Abstract

This article describes a large-diameter, surface-wave excited plasma (SWP) source designed for materials processing. The plasma reactor employs a launcher of 2.45 GHz azimuthally symmetric surface waves in the field-free region of 24-pole line-cusp magnetic fields, generated by a set of permanent magnets surrounding the reactor chamber walls; the magnets also provide an electron cyclotron resonance (ECR) magnetic field of 875 G near the chamber wall surfaces. Langmuir probe and optical emission measurements were made for characterizing the plasma produced in Ar. After the microwave power was turned on, the discharge was observed to start near the ECR region and then propagate toward the field-free region in the central area of the chamber.

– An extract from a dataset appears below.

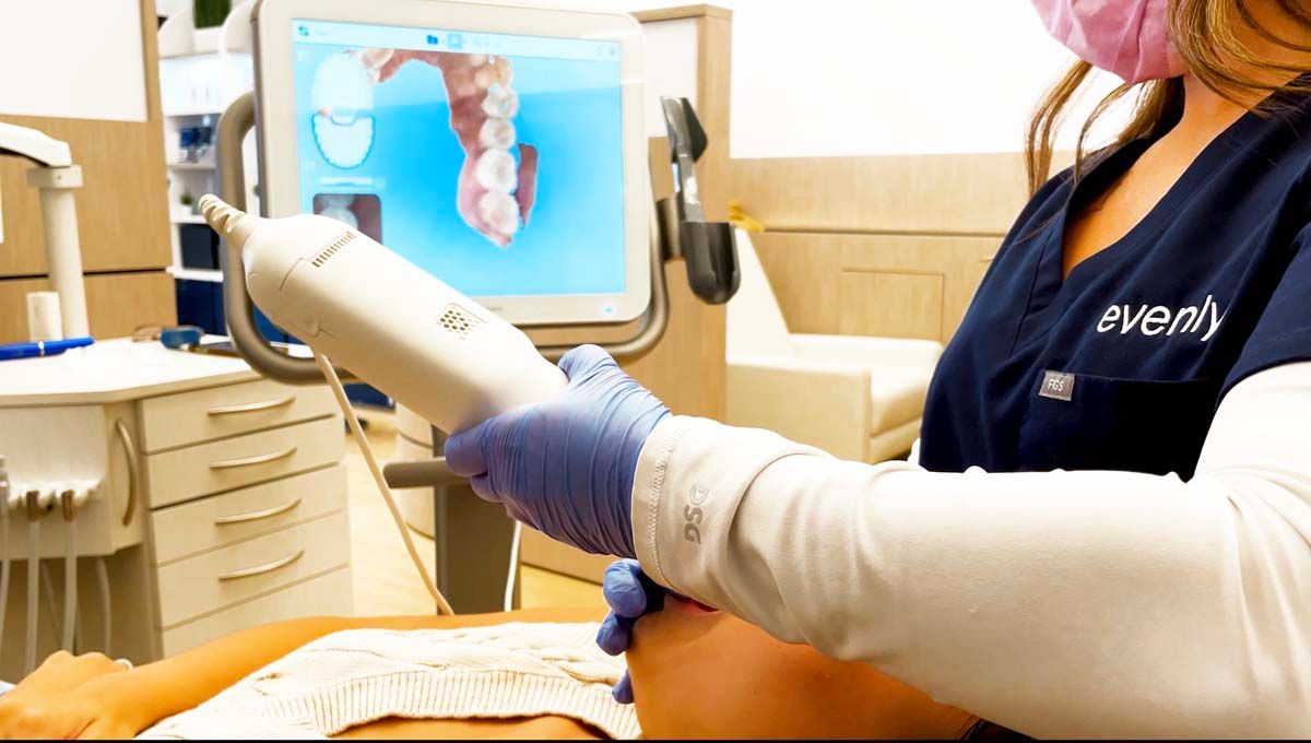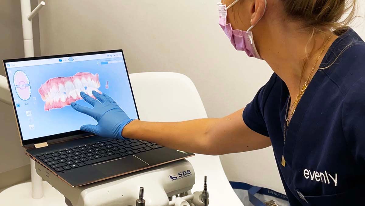 Evenly’s expert treatment coordinator (TC) comes to each dental office equipped with a portable scanner and provides a free consultation to every patient, including a 3D scan, and then presents a treatment projection overseen by Evenly’s expert orthodontists. The TC is in communication with an orthodontist as needed. The Evenly orthodontist creates a custom clear aligner orthodontic treatment plan and Evenly delivers the aligners to the patient at the dental office and guides interproximal reduction and attachments. Then Evenly sets the patient up on a remote management platform for convenient weekly check-ins with the Evenly team. At the end of treatment, Evenly provides treatment closeout and free retainers.

Moreover, the discharge was also observed to be excited by ECR at low microwave-power levels, and by surface waves in the field-free region at above a critical power strongly depending on the gas pressure. Such a transition of plasma excitation from ECR to SWP was found to occur under conditions where the plasma electron density exceeds a 2.45 GHz microwave cutoff value of ≈7.4×1010 cm−3. As a result, overdense plasmas with large diameters could be successfully produced with moderate microwave input powers ≲1 kW; the electron density was measured to be Ne∼1−3.5×1011 cm−3 in Ar plasmas, with its spatial variation being ≲5% over a 26-cm-diam area. Furthermore, preliminary experiments of SiO2 etching in pure CF4 plasmas showed that the SiO2 etch rate was typically ∼300 nm/min with a good uniformity ≲3% over an 8-in.-diam wafer.